Miren Arzalluz, défenseuse du patrimoine de la mode, dynamise le Palais Galliera
À la tête du Palais Galliera, le musée parisien de la mode, l'historienne de l'art Miren Arzalluz a appris à jongler avec les pressions du secteur et s'en amuser... en défilant notamment pour Balenciaga.
Depuis sa nomination fin 2017, elle a doublé la surface d'exposition du musée et créé une collection permanente. Prochain objectif : fonder d'ici à 2025 une société des amis du musée, dit-elle lors d'un entretien à l'AFP. "Nous espérons que cela va nous aider à attirer des personnes intéressées par le versant patrimonial de la mode."
Les nouveaux espaces d'exposition du Palais Galliera ont été inaugurés il y a deux ans sous le patronage de la maison Chanel et ont été ouverts avec une exposition consacrée à Gabrielle Chanel. Ont suivi des expositions consacrées au magazine Vogue, au couturier Alber Elbaz, à Frida Kahlo et actuellement à Paolo Roversi.
"La professionnalisation du patrimoine des maisons de couture me semble être une excellente nouvelle. Cela nous aide tous", déclare cette historienne née en 1978, fille de l'homme politique Xabier Arzalluz (1932-2019), figure du Parti nationaliste basque. "Mais nous avons besoin de fonds pour continuer à acquérir des œuvres et, bien sûr, nous sommes une institution publique, avec un budget non négligeable, mais limité", ajoute-t-elle.
"Nous insistons toujours sur le fait que nous sommes un musée public"

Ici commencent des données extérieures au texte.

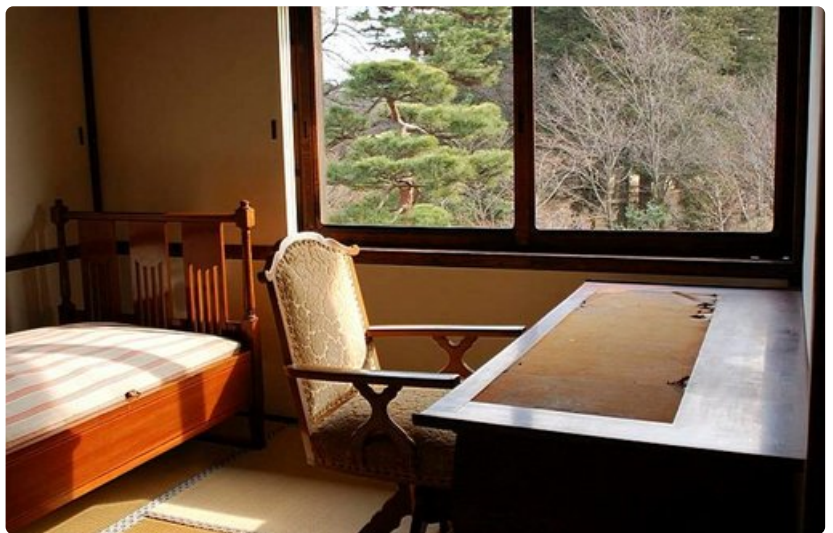
Aitoja historiallisia koteja..
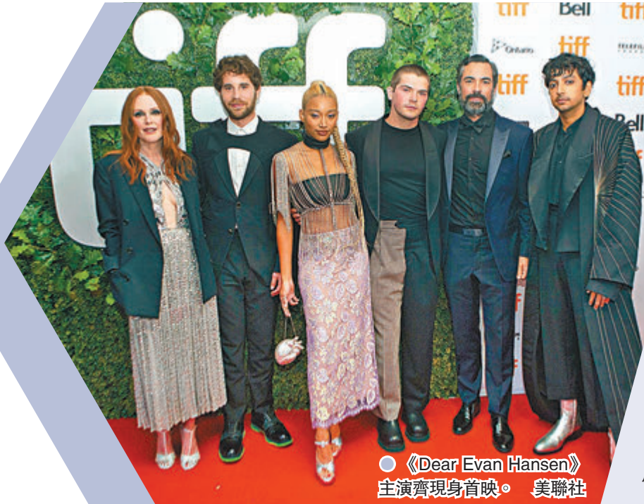
● 《Dear Evan Hansen》主演齊現身首映。

綜合報道 第46屆多倫多國際電影節於加拿大時間9月9日揭幕。由於新冠疫情影響，本屆持續10天的電影節繼續採取線上與線下展映相結合的方式進行。未知是否疫情影響，揭幕首天亮相的巨星欠奉，只見曾奪奧斯卡最佳女主角獎茱莉安摩亞 (Julianne Moore) 現身出席《Dear Evan Hansen》的首映禮，不過已經「登陸」(60歲)的她依然星味不減，一出場即成為鎂光燈的焦點。
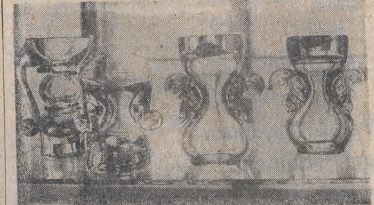
Nz.: szklane cacka z Huty Szkła „Julia” w Szklarskiej Porębie.
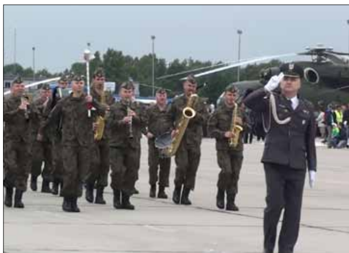
Orkiestra zagrała na lotnisku

Podczas uroczystej zbiórki całego stanu osobowego 21. BLT, zostały wręczone nominacje na wyższe stopnie, na-
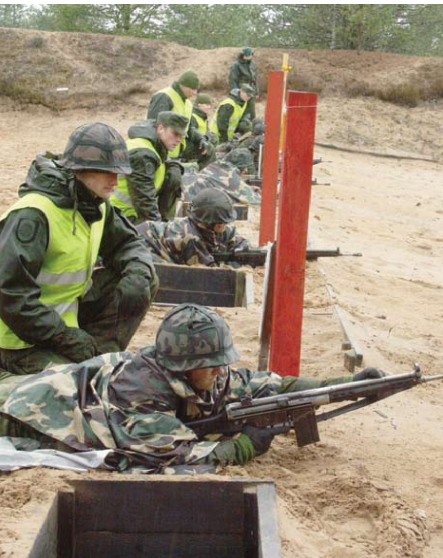
Šaudykloje civilius prižiūri tikrieji kariūnai.

Paskelbtas aliarmas – kai kam net karas pasivaideno, juo labiau kai apsimiegojusiems prieš akis išdygo kariūnai, išsigražinę karišku makiažu. Ne visi suspėjo nusiprausti ar iki galo susitvarkyti – teko išklaustyti kovinį įsakymą ir skubiai vykti į Centrinį poligoną.
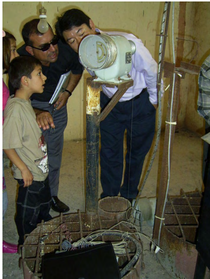
10/16 GDCB 自動観測 (水位) (16 Teshreem Dam付近)
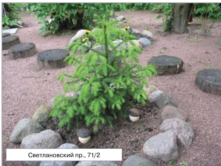
Светлановский пр., 71/2
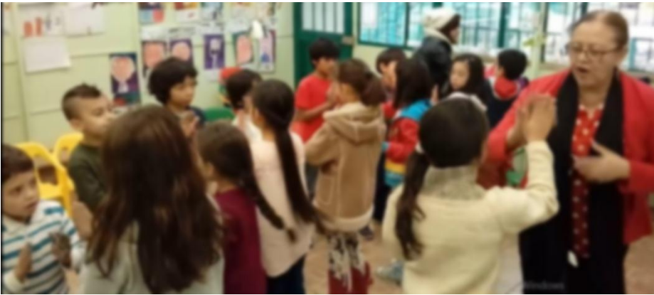
Imagen 9 juegos de rima 2018
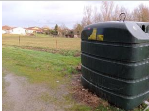
MARque sur PAV
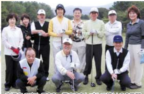
鹿児島の京セラCC～霧島GCとゴルフ漬けの2日間

又、将来両クラブの友好活動の中に、奄美の子供達に手を貸す様な、共同社会奉仕事業が実現できたらいいなと思ながらの3日間でした。
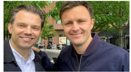
Frederiksberg Kommune og FCK i nyt samarbejde om skoleelever
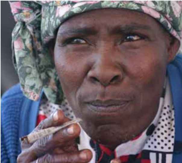
Auch Rauchen erhöht das Tuberkulose-Risiko.

sistenzen entstehen. Die Weltgesundheitsorganisation WHO hat daher schon in den 1970er Jahren die Behandlungsstrategie DOTS entwickelt und sie weltweit etabliert. Die Abkürzung steht für Directly Observed Treatment Short Course und meint eine von medizinischem Personal überwachte Einnahme der Medikamente und kontinuierliche Begleitung der Therapie, eine Kontrolle des Therapieerfolgs und unterstützende Maßnahmen für die Betroffenen. Neuerdings werden auch virtuell-überwachte Therapieschemata in Pilotprojekten getestet, bei denen die PatientInnen durch Smartphones, Tablets oder Computer mit den behandelnden medizinischen Fachkräften vernetzt sind.

Les grandes maisons de luxe installées à Paris ont créé au fil des ans leur propre musée ou des espaces d'exposition permanente, comme Saint Laurent ou Dior, et font désormais partie de l'itinéraire touristique de la capitale.
Le chiffre d'affaires de la mode en France est d'environ 154 milliards d'euros par an, selon les chiffres de la Fédération de la couture et du prêt-à-porter. Le poids de la mode de luxe dans le secteur est considérable et cette pression se fait également sentir lorsqu'il s'agit d'organiser des expositions au sein du musée, souligne Miren Arzalluz. "Nous insistons toujours sur le fait que nous sommes un musée public et que, par conséquent, les décisions finales nous appartiennent. Cette indépendance scientifique et déontologique n'est pas négociable. Mais cela ne veut pas dire que nous ne ressentons pas de pression", déroule-t-elle.
Les grandes marques "veulent savoir qui nous allons mettre ou quel créateur va être plus ou moins représenté dans une exposition", ajoute-t-elle. "Elles sont très conscientes du prestige des musées et de leur rôle par rapport à leurs propres collections".
"J'étais curieuse de découvrir l'autre côté de la barrière"
En 2010, l'historienne a publié une biographie de Cristóbal Balenciaga et a récemment conseillé les créateurs de la série espagnole qui lui est consacrée sur la plateforme Disney+. En octobre, elle a également défilé pour la maison, à la demande de l'actuel créateur, le Géorgien Demna Gvasalia. Un épisode "exceptionnel" dans sa carrière, confie-t-elle en souriant. "D'un point de vue personnel, j'étais terrifiée, mais en tant qu'historienne, j'étais curieuse de découvrir l'autre côté de la barrière."
Cristóbal Balenciaga était réputé pour son extrême discrétion et son obsession du vêtement artisanal. Si le créateur basque regardait aujourd'hui comment fonctionne le monde de la mode, "je pense qu'il nous regarderait comme si nous étions tous fous", pense Mme Arzalluz.
Mais le monde des podiums, envahi par les influenceurs ou les stars de la musique, correspond au fond à l'obsession du secteur de "se renouveler complètement", admet-elle.